INSTRUCTIONS TO FOLLOW: Reproduce verbatim the lines of the material below, starting at the line with "El salón comedor, amplio" and ending at the line with "本次招聘会的宣讲人先为我们介", both inclusive; skip the rest.

GIVEN DATA:
· · · ·

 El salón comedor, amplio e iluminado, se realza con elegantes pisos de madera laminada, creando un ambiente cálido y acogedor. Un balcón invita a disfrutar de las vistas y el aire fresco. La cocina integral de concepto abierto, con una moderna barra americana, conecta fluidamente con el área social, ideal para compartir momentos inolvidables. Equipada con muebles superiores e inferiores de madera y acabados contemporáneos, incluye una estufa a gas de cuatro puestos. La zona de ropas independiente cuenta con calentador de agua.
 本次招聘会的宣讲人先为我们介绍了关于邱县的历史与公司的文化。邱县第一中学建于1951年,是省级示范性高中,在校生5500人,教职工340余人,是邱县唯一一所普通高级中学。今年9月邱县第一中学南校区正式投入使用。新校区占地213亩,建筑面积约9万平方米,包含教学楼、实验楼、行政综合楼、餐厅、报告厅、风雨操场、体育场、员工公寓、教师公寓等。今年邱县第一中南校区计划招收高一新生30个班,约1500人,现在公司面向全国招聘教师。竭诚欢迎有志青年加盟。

· · · ·

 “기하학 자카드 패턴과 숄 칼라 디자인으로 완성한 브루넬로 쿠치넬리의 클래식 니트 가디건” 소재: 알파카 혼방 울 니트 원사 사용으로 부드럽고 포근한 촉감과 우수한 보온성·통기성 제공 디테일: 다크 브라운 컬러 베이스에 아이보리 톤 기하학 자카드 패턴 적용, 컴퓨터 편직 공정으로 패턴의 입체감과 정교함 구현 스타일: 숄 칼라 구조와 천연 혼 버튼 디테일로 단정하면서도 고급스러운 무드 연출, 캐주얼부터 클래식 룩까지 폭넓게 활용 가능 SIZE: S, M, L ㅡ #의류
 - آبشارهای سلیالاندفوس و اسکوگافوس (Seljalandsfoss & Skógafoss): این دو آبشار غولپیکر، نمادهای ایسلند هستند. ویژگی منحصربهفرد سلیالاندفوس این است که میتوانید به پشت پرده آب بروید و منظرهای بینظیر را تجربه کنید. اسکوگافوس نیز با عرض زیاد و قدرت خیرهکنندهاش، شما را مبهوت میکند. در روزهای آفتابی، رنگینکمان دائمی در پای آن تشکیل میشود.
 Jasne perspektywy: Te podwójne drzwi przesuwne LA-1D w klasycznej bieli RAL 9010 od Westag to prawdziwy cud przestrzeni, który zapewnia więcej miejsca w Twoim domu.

· · · ·

SOLUTION:
 El salón comedor, amplio e iluminado, se realza con elegantes pisos de madera laminada, creando un ambiente cálido y acogedor. Un balcón invita a disfrutar de las vistas y el aire fresco. La cocina integral de concepto abierto, con una moderna barra americana, conecta fluidamente con el área social, ideal para compartir momentos inolvidables. Equipada con muebles superiores e inferiores de madera y acabados contemporáneos, incluye una estufa a gas de cuatro puestos. La zona de ropas independiente cuenta con calentador de agua.
 本次招聘会的宣讲人先为我们介绍了关于邱县的历史与公司的文化。邱县第一中学建于1951年,是省级示范性高中,在校生5500人,教职工340余人,是邱县唯一一所普通高级中学。今年9月邱县第一中学南校区正式投入使用。新校区占地213亩,建筑面积约9万平方米,包含教学楼、实验楼、行政综合楼、餐厅、报告厅、风雨操场、体育场、员工公寓、教师公寓等。今年邱县第一中南校区计划招收高一新生30个班,约1500人,现在公司面向全国招聘教师。竭诚欢迎有志青年加盟。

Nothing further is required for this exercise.